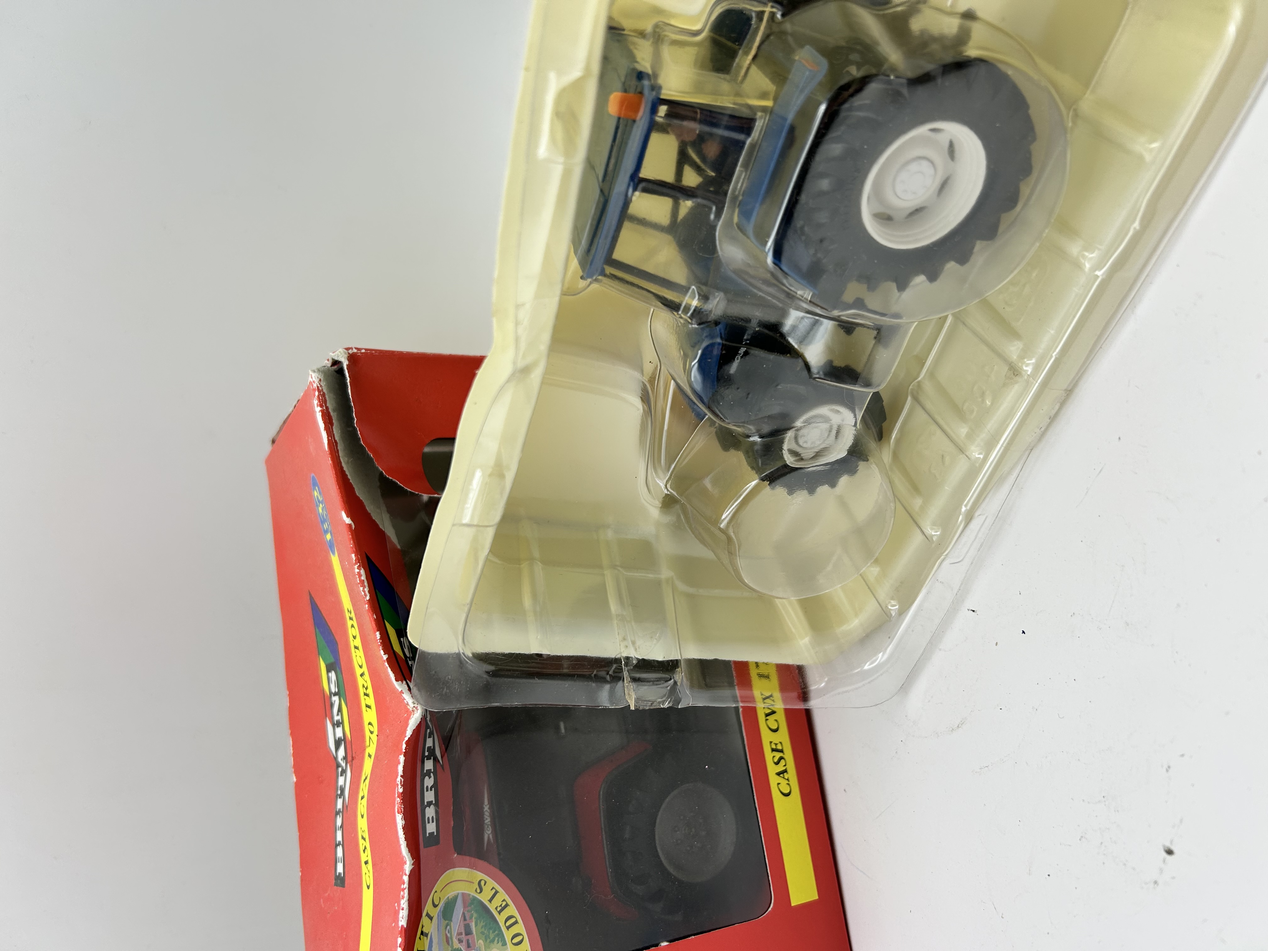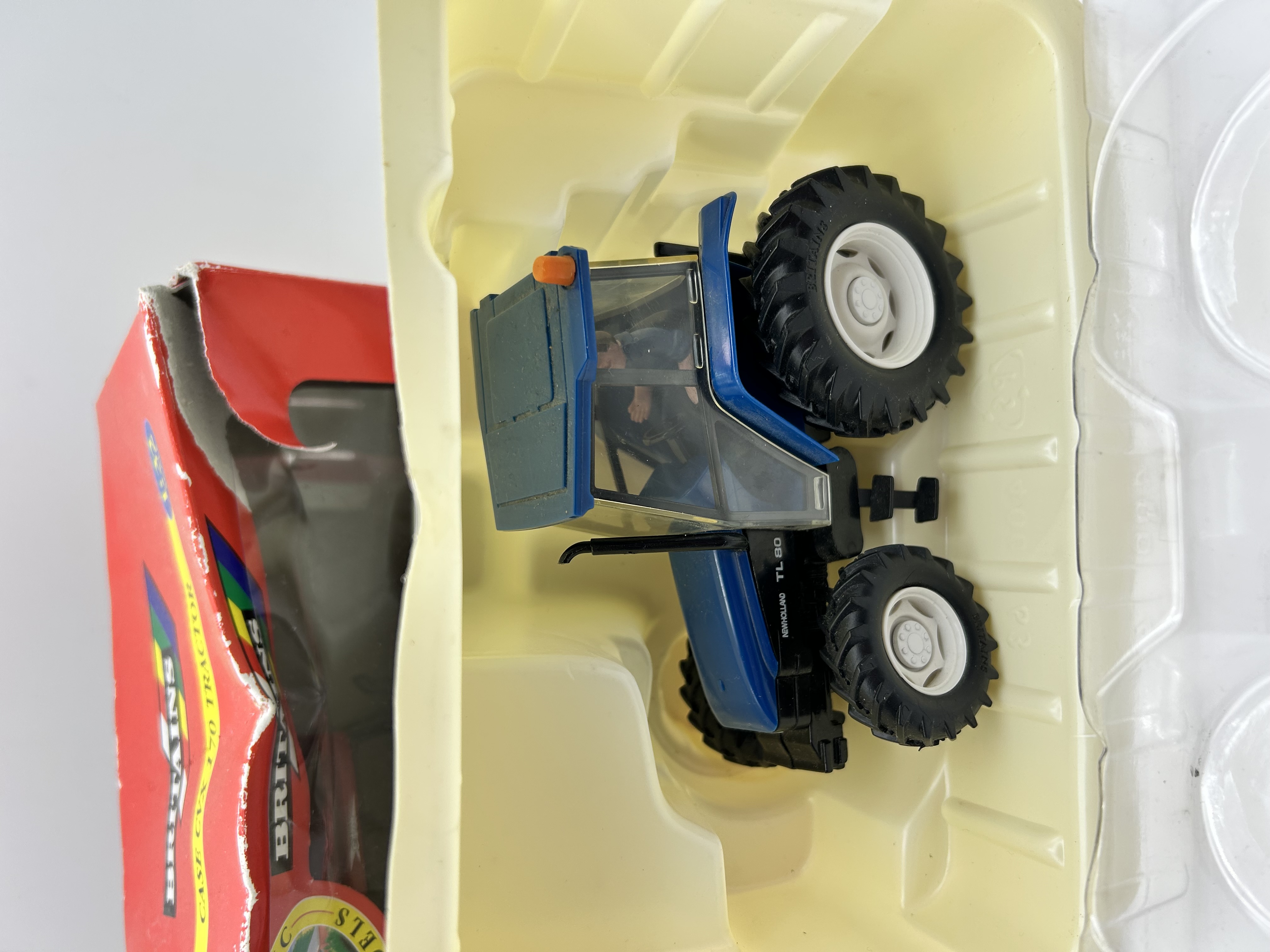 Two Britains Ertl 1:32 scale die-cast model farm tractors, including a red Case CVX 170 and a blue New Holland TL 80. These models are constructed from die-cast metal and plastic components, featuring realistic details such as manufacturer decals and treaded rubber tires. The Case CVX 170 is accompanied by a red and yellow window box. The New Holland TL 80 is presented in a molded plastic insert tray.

==

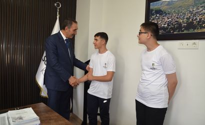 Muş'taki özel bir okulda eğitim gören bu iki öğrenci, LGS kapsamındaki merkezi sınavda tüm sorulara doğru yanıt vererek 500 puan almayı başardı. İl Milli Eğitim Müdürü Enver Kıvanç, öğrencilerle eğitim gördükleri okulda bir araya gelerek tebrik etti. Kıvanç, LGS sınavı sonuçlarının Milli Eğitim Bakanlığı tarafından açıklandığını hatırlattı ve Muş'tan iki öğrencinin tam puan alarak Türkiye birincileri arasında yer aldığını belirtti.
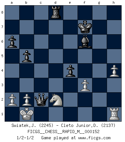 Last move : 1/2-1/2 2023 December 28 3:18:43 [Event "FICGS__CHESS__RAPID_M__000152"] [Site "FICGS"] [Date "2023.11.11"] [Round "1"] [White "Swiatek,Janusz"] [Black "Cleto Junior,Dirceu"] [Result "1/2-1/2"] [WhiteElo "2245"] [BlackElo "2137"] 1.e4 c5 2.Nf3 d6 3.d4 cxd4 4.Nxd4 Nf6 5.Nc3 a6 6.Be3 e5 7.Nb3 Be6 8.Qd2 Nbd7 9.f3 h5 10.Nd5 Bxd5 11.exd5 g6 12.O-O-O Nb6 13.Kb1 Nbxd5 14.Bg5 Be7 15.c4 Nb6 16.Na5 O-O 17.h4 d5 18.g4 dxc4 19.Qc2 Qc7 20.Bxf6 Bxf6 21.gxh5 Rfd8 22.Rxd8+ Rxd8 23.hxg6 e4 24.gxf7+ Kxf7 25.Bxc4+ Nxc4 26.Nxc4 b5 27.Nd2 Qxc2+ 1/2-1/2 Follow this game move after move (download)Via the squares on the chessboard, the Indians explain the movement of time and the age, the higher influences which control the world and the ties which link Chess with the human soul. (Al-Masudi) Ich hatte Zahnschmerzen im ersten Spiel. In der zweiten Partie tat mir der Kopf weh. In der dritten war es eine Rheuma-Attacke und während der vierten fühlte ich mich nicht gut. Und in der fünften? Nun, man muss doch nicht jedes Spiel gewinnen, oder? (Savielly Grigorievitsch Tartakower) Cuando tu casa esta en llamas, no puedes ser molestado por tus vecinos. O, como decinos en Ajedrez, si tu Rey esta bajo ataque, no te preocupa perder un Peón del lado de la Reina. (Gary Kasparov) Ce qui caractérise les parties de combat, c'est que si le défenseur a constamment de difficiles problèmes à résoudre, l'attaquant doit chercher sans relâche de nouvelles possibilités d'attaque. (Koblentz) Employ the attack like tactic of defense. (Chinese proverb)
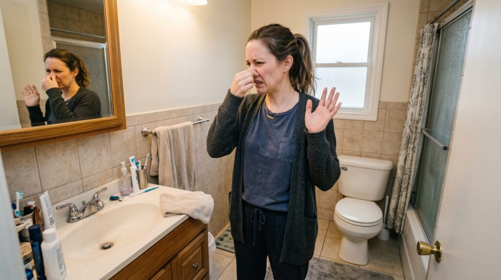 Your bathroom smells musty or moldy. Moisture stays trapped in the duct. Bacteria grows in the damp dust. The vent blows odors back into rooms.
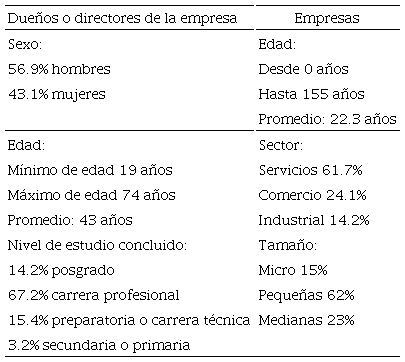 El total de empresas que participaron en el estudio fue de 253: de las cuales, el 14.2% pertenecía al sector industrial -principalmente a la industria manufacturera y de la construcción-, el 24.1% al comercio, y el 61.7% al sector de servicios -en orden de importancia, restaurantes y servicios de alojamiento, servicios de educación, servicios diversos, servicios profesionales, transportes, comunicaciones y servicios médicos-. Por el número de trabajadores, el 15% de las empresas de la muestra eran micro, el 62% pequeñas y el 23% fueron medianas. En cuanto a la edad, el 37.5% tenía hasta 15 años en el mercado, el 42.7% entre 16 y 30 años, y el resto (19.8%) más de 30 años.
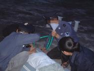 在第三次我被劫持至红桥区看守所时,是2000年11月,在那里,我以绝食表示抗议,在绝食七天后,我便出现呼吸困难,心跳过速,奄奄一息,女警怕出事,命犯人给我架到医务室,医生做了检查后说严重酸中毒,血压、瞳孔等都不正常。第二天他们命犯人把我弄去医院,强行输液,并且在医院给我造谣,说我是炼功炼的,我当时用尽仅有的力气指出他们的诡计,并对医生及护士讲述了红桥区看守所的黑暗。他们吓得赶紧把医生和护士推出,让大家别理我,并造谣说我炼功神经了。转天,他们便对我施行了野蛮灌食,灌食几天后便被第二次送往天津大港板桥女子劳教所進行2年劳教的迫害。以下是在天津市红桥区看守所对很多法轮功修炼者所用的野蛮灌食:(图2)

* * *

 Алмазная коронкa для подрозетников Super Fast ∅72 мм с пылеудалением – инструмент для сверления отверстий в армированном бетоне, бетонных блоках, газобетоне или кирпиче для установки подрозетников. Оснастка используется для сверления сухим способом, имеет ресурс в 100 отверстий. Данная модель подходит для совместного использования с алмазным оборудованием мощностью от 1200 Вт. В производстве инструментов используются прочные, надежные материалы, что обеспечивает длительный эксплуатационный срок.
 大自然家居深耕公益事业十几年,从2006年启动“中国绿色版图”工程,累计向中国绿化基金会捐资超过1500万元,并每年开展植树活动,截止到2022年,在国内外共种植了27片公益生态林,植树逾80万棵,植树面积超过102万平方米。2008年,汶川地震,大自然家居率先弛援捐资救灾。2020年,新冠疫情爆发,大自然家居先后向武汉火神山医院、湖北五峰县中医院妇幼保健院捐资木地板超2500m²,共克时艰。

● **What is required**
From the records above, output only the lines starting at the one containing "Your bathroom smells" and ending at the one containing "El total de", word for word. Pictures stay out.

● **Answer area**
 Your bathroom smells musty or moldy. Moisture stays trapped in the duct. Bacteria grows in the damp dust. The vent blows odors back into rooms.
 El total de empresas que participaron en el estudio fue de 253: de las cuales, el 14.2% pertenecía al sector industrial -principalmente a la industria manufacturera y de la construcción-, el 24.1% al comercio, y el 61.7% al sector de servicios -en orden de importancia, restaurantes y servicios de alojamiento, servicios de educación, servicios diversos, servicios profesionales, transportes, comunicaciones y servicios médicos-. Por el número de trabajadores, el 15% de las empresas de la muestra eran micro, el 62% pequeñas y el 23% fueron medianas. En cuanto a la edad, el 37.5% tenía hasta 15 años en el mercado, el 42.7% entre 16 y 30 años, y el resto (19.8%) más de 30 años.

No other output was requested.